LTM VE virtual server unreachable sometimes
Hello ,
we use a HA cluster of 2 LTM's running on version 13.1.1.5 . Up til some weeks ago the LTM were deployed on vcmp guests on a viprion 2400 platform .
Early 2022 we migrated our LTM's from viprion towards LTM VE units running on vmware ESX . During migrations we didn't encounter any issue. (we basically used RMA process for replacing the units 1by1 with LTM VE's)
basic setups (VIP + TCP port) is done for some applications on this cluster . Where we use a virtual server , together with SNAT for pointing to pool members . And we use mac-masquerading also for creating fake mac-addresses. For this purpose we put "promiscious mode" - "'forged transmit" - "mac address changes" to "accept" on vmware .
Vmware is running on HP blade enclosure . Where normally 1 blade = 1 vmware host . During setup we asked vmware team to always have both units in HA cluster , running on different vmware hosts. (redudancy we thought)
Since replacement we are getting for some setups complaints that during the night (period of low traffic) , access to the virtual server (VIP + TCP port) is lost for a short period . When we check out ltm logs , we see however that pool members are still reachable as there are no UP/Down events. Neither do we see "failover" messages in logs . So clearly the HA cluster remains stable & pool member monitoring keeps working.
Further investigation at network level was done & we noticed that during the nights were the issue is seen , all mac addresses from active unit but also from standby unit . Even if we thought they are on different vmware hosts . Long story short , after a while vmware team confirmed us that even if your have server on different vmware hosts (blades) these still can use the same uplinks to network. Each blade has 4 uplinks to virtual server , and virtual server than has 4 uplinks to virtual connect modules . Vmware uses round robin for determining which uplink to use . Consequence , even when you are on different blade you have a 25% possibility of using same uplinks.

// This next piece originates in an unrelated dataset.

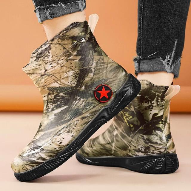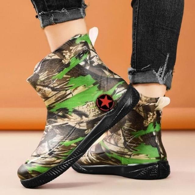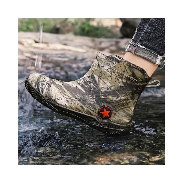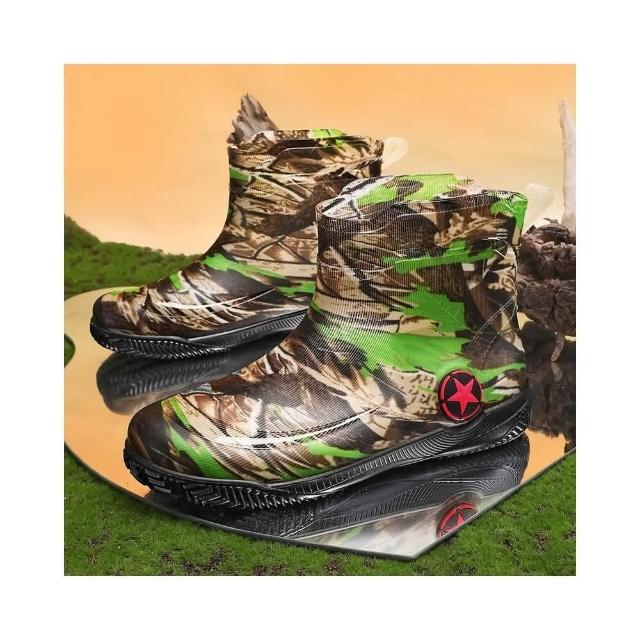 雨鞋雨靴防水鞋防水靴男女防滑防水工作鞋登山工作防水鞋時尚迷彩短筒雨鞋39-47加厚安全防滑機車雨鞋

When this occurs , we see that during periods with little traffic we loose connectivity . This doesn't occur when we are using different uplinks.
We are suspecting this has to do with aging timer of mac-address of virtual server. Which is using the mac-masquerade address . We're suspecting that at vmware level the mac address (mac masquerade) is not known anymore , while at network level (cisco switches/routers) we are still seeing the mac-masquerade address . Thus you need to wait untill a ARP is done ar router level in order to get mac-addresses known again .
Does anybody has similar experiences ? Is there anybody who has more info about how mac-masquerading addresses are learned at virtual switch level & eventually how long they will be cached there ?